→ **ENTRIES SUPPLIED**:
-- Opening Marker --
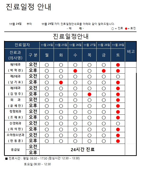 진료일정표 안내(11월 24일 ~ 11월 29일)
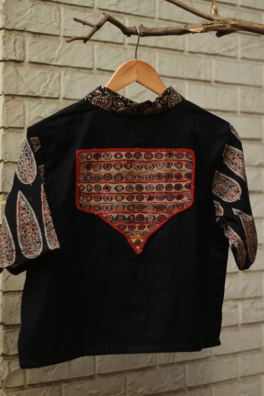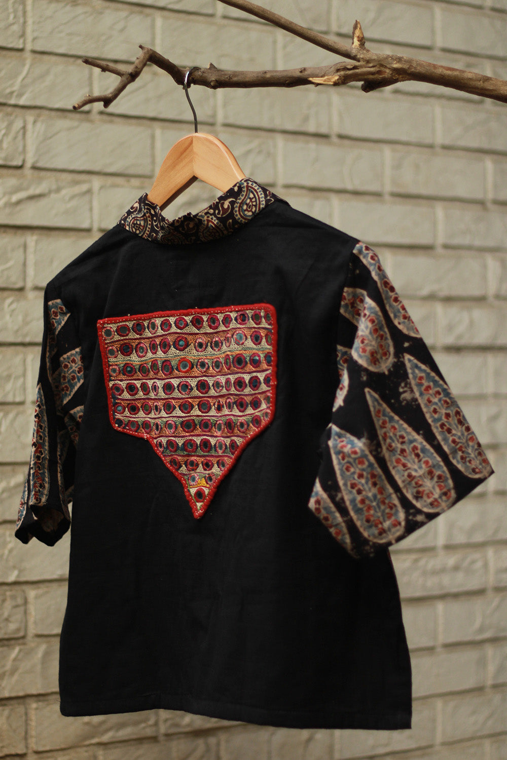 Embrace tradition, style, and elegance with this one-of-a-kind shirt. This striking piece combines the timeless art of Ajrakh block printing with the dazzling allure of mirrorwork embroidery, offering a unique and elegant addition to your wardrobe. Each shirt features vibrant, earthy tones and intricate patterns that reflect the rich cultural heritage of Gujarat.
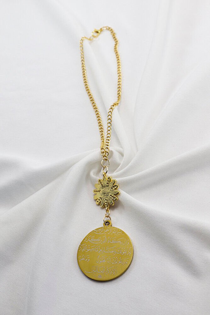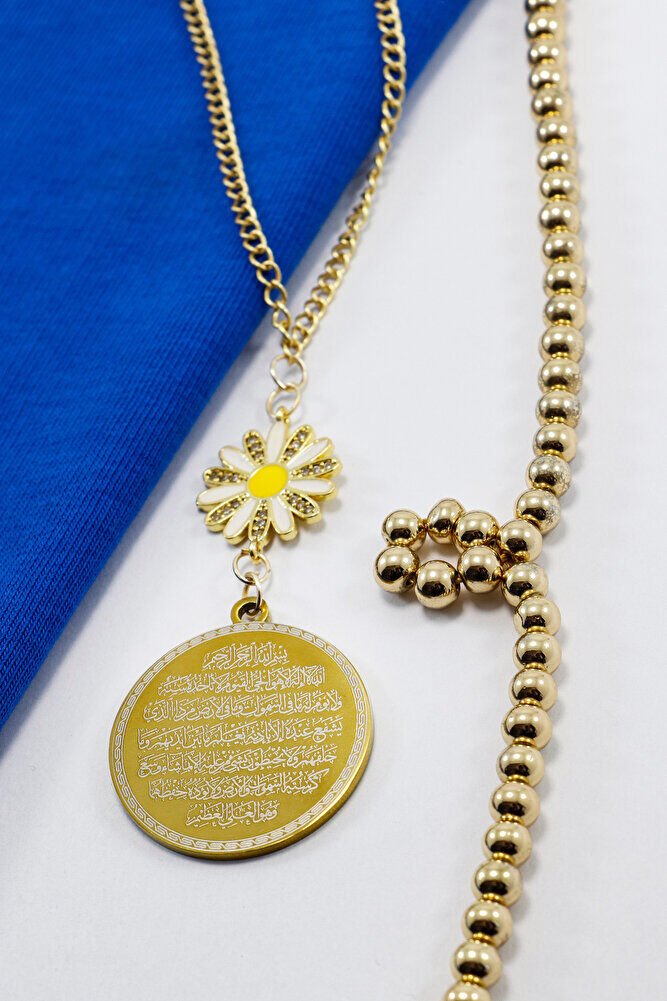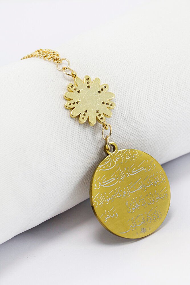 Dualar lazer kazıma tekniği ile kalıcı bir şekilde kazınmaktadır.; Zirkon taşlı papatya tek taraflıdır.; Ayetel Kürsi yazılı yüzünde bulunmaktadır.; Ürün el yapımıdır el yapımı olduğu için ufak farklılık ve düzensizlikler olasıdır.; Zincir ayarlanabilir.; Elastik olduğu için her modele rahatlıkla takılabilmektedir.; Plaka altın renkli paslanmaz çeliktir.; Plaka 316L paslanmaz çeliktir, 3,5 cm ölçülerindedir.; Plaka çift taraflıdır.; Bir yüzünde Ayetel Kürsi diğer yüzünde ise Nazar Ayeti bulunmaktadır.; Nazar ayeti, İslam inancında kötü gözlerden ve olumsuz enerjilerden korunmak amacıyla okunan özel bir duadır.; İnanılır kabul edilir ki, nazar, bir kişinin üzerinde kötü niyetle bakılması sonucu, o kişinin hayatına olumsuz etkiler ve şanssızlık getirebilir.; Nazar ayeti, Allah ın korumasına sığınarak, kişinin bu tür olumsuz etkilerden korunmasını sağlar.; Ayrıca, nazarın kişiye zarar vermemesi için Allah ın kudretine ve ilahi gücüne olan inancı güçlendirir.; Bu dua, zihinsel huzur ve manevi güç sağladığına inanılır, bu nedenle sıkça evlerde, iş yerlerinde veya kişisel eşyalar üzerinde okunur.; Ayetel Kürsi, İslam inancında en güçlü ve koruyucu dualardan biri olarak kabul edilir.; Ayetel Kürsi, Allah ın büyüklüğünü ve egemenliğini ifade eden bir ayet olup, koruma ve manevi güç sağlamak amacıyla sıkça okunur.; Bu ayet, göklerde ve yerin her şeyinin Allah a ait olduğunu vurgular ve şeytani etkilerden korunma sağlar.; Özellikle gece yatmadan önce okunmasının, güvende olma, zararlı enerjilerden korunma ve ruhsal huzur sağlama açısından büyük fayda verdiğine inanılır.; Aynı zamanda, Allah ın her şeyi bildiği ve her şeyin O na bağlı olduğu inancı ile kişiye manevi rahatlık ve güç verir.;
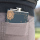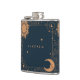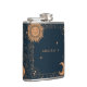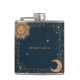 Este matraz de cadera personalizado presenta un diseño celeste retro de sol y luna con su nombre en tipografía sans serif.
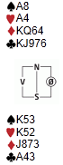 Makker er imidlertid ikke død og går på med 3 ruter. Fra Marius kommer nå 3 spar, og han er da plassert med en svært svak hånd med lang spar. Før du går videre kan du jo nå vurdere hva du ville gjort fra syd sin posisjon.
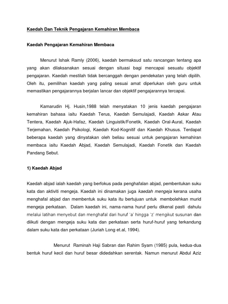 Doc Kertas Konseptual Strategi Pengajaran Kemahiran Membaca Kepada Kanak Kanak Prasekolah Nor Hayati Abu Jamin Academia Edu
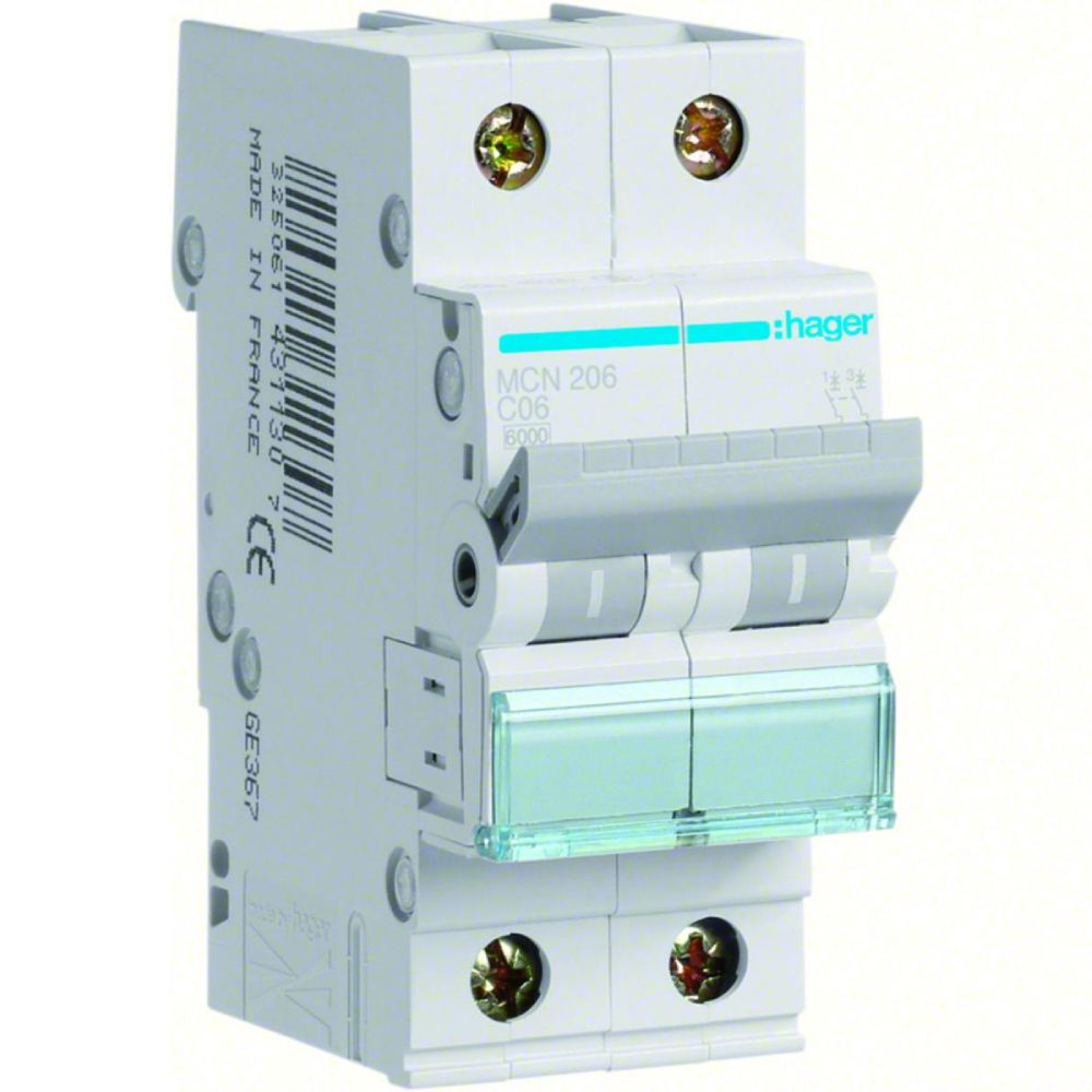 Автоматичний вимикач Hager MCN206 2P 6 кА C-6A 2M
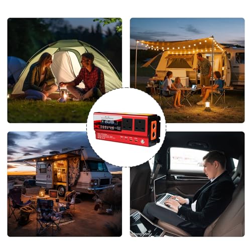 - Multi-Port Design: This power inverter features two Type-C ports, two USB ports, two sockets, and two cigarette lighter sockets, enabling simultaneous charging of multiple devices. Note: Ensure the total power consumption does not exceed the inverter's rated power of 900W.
-- Closing Marker --
→ **TASK DETAILS**: In the listing above, transcribe exactly the lines from the line containing "Este matraz de" through the last one, both included, but not the pictures.

→ **EXERCISE RESPONSE**:
 Este matraz de cadera personalizado presenta un diseño celeste retro de sol y luna con su nombre en tipografía sans serif.
 Makker er imidlertid ikke død og går på med 3 ruter. Fra Marius kommer nå 3 spar, og han er da plassert med en svært svak hånd med lang spar. Før du går videre kan du jo nå vurdere hva du ville gjort fra syd sin posisjon.
 Doc Kertas Konseptual Strategi Pengajaran Kemahiran Membaca Kepada Kanak Kanak Prasekolah Nor Hayati Abu Jamin Academia Edu
 Автоматичний вимикач Hager MCN206 2P 6 кА C-6A 2M
 - Multi-Port Design: This power inverter features two Type-C ports, two USB ports, two sockets, and two cigarette lighter sockets, enabling simultaneous charging of multiple devices. Note: Ensure the total power consumption does not exceed the inverter's rated power of 900W.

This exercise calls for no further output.